Wissenschaftsleugnung als Problem in der Pandemie

Was bei der WEF-Veranstaltung unter dem Thema «Die Lage der Pandemie» am 18. Januar 2023 tatsächlich (in englischer Sprache) gesagt wurde, ist dank eines sowohl auf der WEF-Webseite als auch bei YouTube verbreiteten Videos auch fast ein Jahr danach noch einwandfrei nachvollziehbar.

Tatsächlich verwies die Moderatorin der Podiumsdiskussion darauf, dass die Covid-19-Pandemie «Schwierigkeiten und Gefahren der Wissenschaftsleugnung» gezeigt habe. Auf die Frage, ob sich die Lage mittlerweile gebessert habe, antwortete Leptin (14:10): «Ich wünschte, es hätte sich gebessert.»

Sie fügte dann hinzu: «Interessant ist vielleicht, dass zwei der Länder, denen es am besten gelungen ist, eine hohe Durchimpfungsrate zu erreichen, dies keineswegs damit begründeten, dass sie ihre Bürger dazu brachten, die Wissenschaft zu verstehen.»

Glaube und Aberglaube in Bhutan

Ein Beispiel dafür sei Bhutan, wo man die Bedürfnisse der Bürger berücksichtigt habe und das religiöse Establishment «bei der Suche nach der richtigen Zeit und dem richtigen Datum einbezog» (14:50). Damit habe man eine «fantastische (Impf-)Abdeckung» erreicht und «da wurde keine Wissenschaft erklärt».

Leptin bezog sich dabei auf die Tatsache, dass Bhutan ein sehr religiöses Land ist, in dem auch der Aberglaube eine wichtige Rolle spielt. Deshalb wurden Tag und Uhrzeit des Beginns der Impfkampagne ebenso wie Alter und Geschlecht der ersten Impflinge von Astrologen bestimmt. Ausführlich wird dieses Vorgehen unter anderem in einer Studie dargestellt, die von der National Library of Medicine der USA veröffentlicht wurde.

Ein pensionierter General in Portugal

Das andere Beispiel sei Portugal, wo ein pensionierter General die Kampagne zu «einem Krieg, den das Land in patriotischer Leidenschaft gemeinsam kämpfte» (15:15), erklärte. «Also keine Wissenschaft, daran sollten wir uns erinnern.

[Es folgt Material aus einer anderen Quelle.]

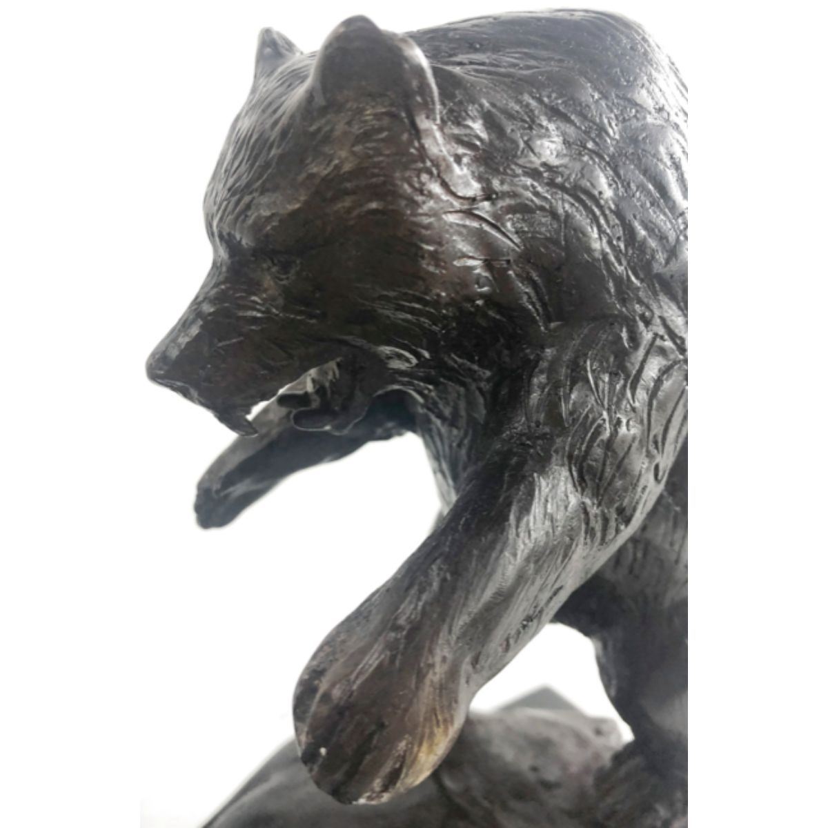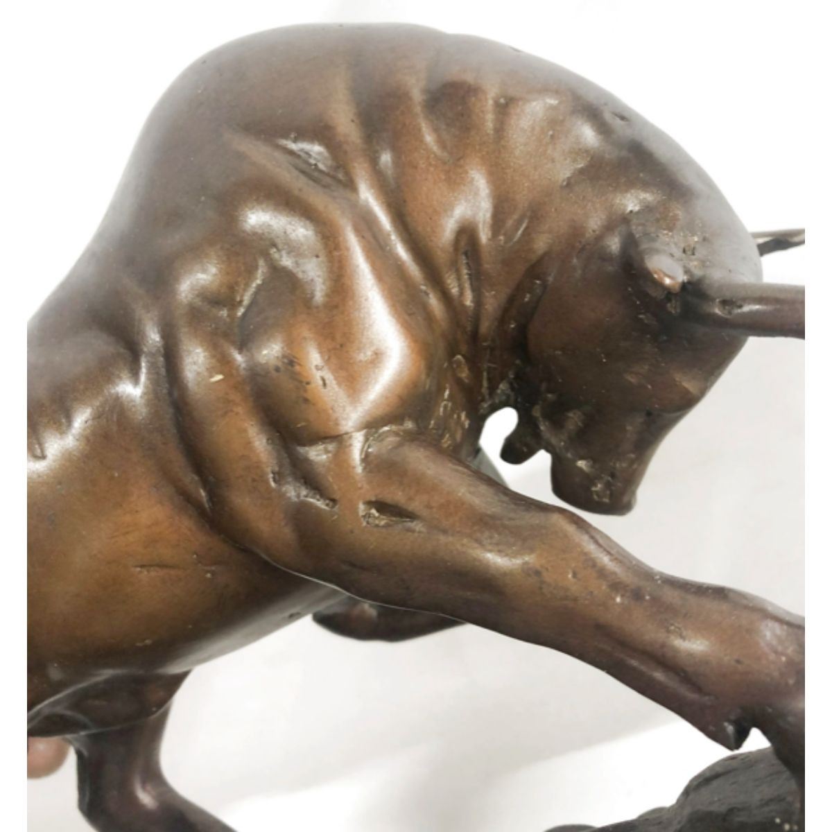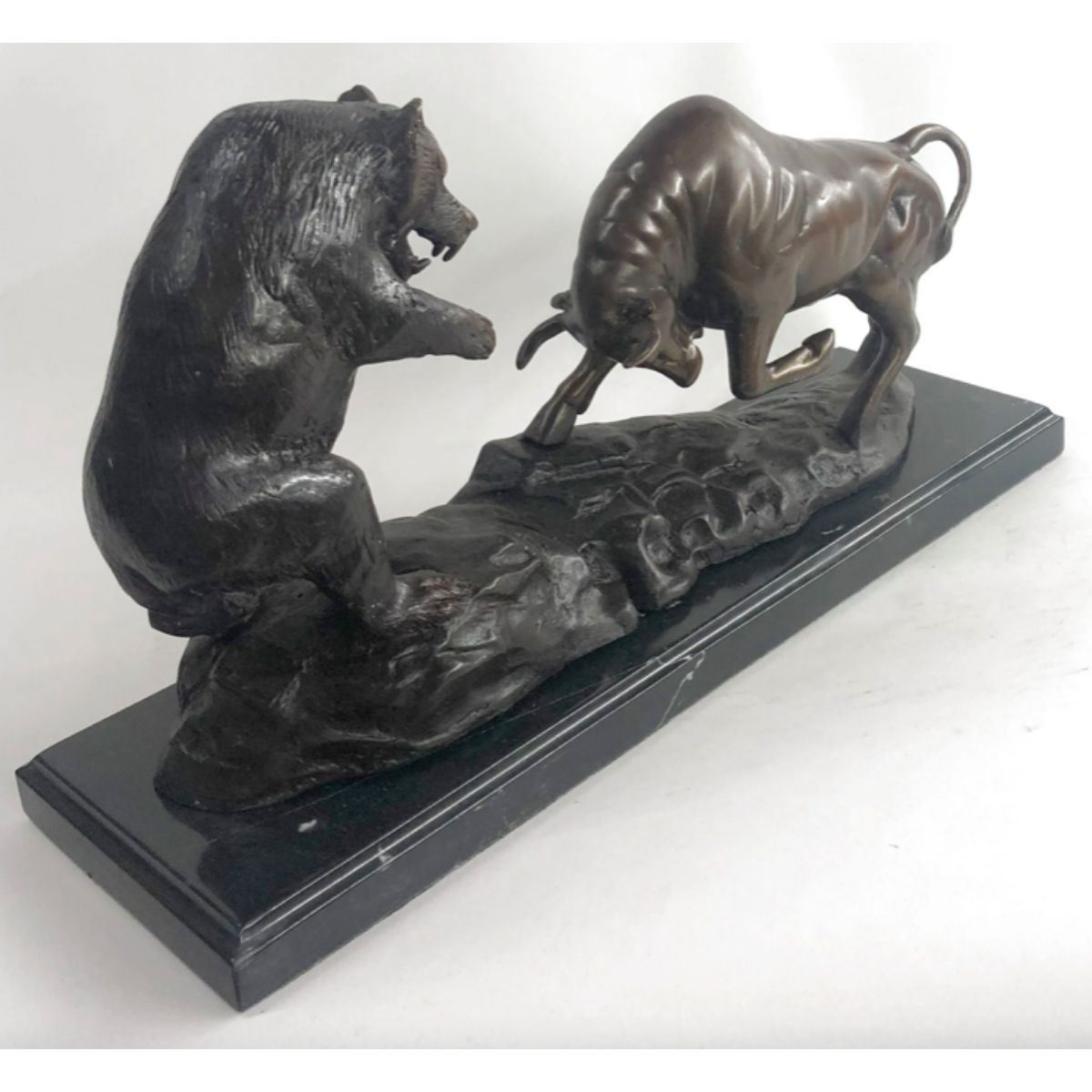 Stock Market Bull Vs Bear Signed Sculpture. Lost wax casting method bronze, with brown patina, mounted on a marble base. Signed by the artist, Miguel Lopez, at base. 9 1/2" H X 17" W. 18lbs.

In einem Land gute Planung und gute Integration, im anderen die richtige Art von Haltung», sagte Leptin.

Im weiteren Verlauf der Diskussion ging es um die Gründe für fehlendes Vertrauen der Bevölkerung in die Wissenschaft. Es gehe darum, das Vertrauen in die Wissenschaft herzustellen, sagte Leptin. «Das Problem ist, dass viele Bürger nicht verstehen, dass Ungewissheit zur wissenschaftlichen Arbeit dazugehört.» Es sei wichtig, Wissenschaft besser zu erklären. Dies könnten allerdings Personen, die bei den Bürgern über Vertrauen verfügten, vermutlich besser als die Wissenschaftler selbst.

Mehr Forschung gefordert und gefördert

In der Tat gehe es bei der Akzeptanz von Impfungen nicht nur um wissenschaftliche Argumente, sagte die Epidemiologin Michelle Williams von der Harvard Universität. Regierungen müssten einsehen, dass sie bisher zu wenig für die Erforschung des menschlichen Verhaltens ausgegeben hätten (ab 23:45). Es gehe darum, «ein Sicherheitsnetz zu schaffen, das von der Bereitstellung von Wissen, Impfstoffen und Therapeutika bis hin zu Erklärung, Motivation und Kultivierung einer Umgebung des Vertrauens reicht, die Gesundheit für Einzelne, Gemeinschaften und Familien weltweit fördert».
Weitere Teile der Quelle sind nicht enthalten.